Hi all,
I have generated a count matrix from a gDNA-seq experiment. The values in the matrix actually correspond to methylation levels in given gene in given cell. These levels were obtained after applying some log likelihood models to take into consideration the cell background methylation (just to give you a context, but that's not truly what matters here).
I would like to perform a clustering similar to what is done in scRNA-seq in order to annotate cell types but therefore based on methylation (there is a reasoning behind, it is not a random attempt).
Has anyone ever performed these types of analysis (not necessarily on methylation values, but on any data that aren't RNAseq) ?

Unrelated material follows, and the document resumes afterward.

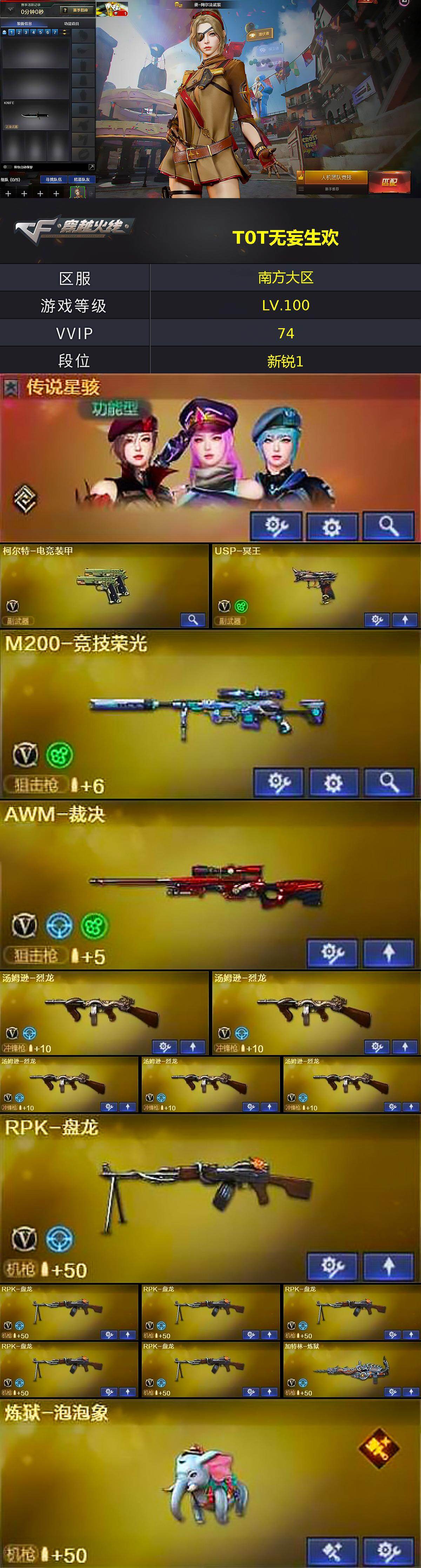 [17204591]南方大区-74V-0王者武器数-0炫金武器数 【传说角色】:传说星骇 【热门武器】:M200-竞技荣光,M4A1-黑骑士*6,汤姆逊-烈龙*5,RPK-盘龙*6,加特林-炼狱,炼狱-泡泡象,沙鹰-修罗*4 【皮肤】:炼狱-泡泡象,轻型军用手斧-再燃火线 【角色】:沙漠玫瑰,谜,荆棘,零·纪元,王者葵-惊若翩鸿,葵-阿尔法武装,风暴女,嘉年华灵狐,灵狐者-X,潜龙队-X,斯沃特-X,维纳斯 【人偶武器】:异变清道夫-蛇影双骄*2,AWM-灵狐-15周年嘉年华,迷你深渊冰龙,迷你裂空之翼,迷你波特博士,迷你曼提柯尔,迷你火种,迷你生化手雷,生化手雷-机甲核心 【暴走生化】:双面神,超级对讲机 【挑战大师】:激光毁灭者III,试炼破坏者III,KAC-圣炎切割者III,神圣爆裂者-末日III 【英雄级武器】:AK47-火麒麟,M4A1-黑骑士*6,无影-神兵利器,AWM-裁决,Barrett-电竞装甲,M200-竞技荣光,RPK-盘龙*6,加特林-炼狱,汤姆逊-烈龙*5,沙鹰-修罗*4,柯尔特-电竞装甲,USP-冥王,擎天,擎天-竞技荣光,尼泊尔-电竞装甲*2,麒麟刺-百战金芒,丛林匕首-玄豹,高爆手雷-竞技荣光,高爆手雷-玄豹*2,闪光弹-竞技荣光,闪光弹-玄豹,烟雾弹-竞技荣光,烟雾弹-玄豹*3,Barrett-碧霄极光 【道具】:云山科技背包,冰冰企鹅背包-猛男专用,女皇终结者-背包,次元之矛-黄金背包,次元之矛-背包,沙漠龙背包-猛男专属,百战金芒炫彩背包,圣拳猎手-炽雪,女皇终结者-魔龙之吻,救世主-黑桃战神,绿色巨人,灵魂忍者*2,变异宝贝,迷雾幽灵*2,夺命之镰,防化服*3,流光-鎏金之域,萌萌小葵表情,炽雪表情,防弹头盔*3,防弹衣*4,C4工具钳*4,手雷包*4 【特殊枪械】:6黑骑士,5烈龙,6盘龙,1炼狱

I tried to first run a PCA (after the normalization, finding most variable features and scaling steps - because RunPCA of Seurat would not work without the layers generated by those steps) however it throws the following error:
Error: None of the requested features have any variance
Any help or insights would be much appreciated!
Thank you :)
I would skip Seurat entirely here (and generally), and rather use more transparent methods, such as the ones in the Bioconductor framework. Can you share an example of the data?
Thank you ATpoint and jared.andrews07 for your help :)
My data is really just a sparse matrix with genes as rows and cells as columns. The values are mostly between -3 and +3. When a gene in a given cell has a positive value, it means that the methylation fraction in gene is superior to the cell methylation fraction; and when it's negative it's the opposite.
In my experiment the gene methylation correlates with the gene expression, and therefore I want to check if I am able to annotate the cell types based on those methylation data. This is why I want to perform clustering.
Would Bioconductor framework work in that context? I have never used it so I don't know what I should use to be honest.
Thank you again for the time and advices; really appreciated
Sure, Bioc is generic. See for example as a guide here https://bioconductor.org/books/3.21/OSCA.basic/clustering.html#implementation
In the specific code examples they start from a SingleCellExperiment, but the help pages of the functions will show you that all the functions can also take generic inputs such as (sparse) matrix. It comes down to running feature selection, dimensionality reduction and then some sort of clsutering on your data.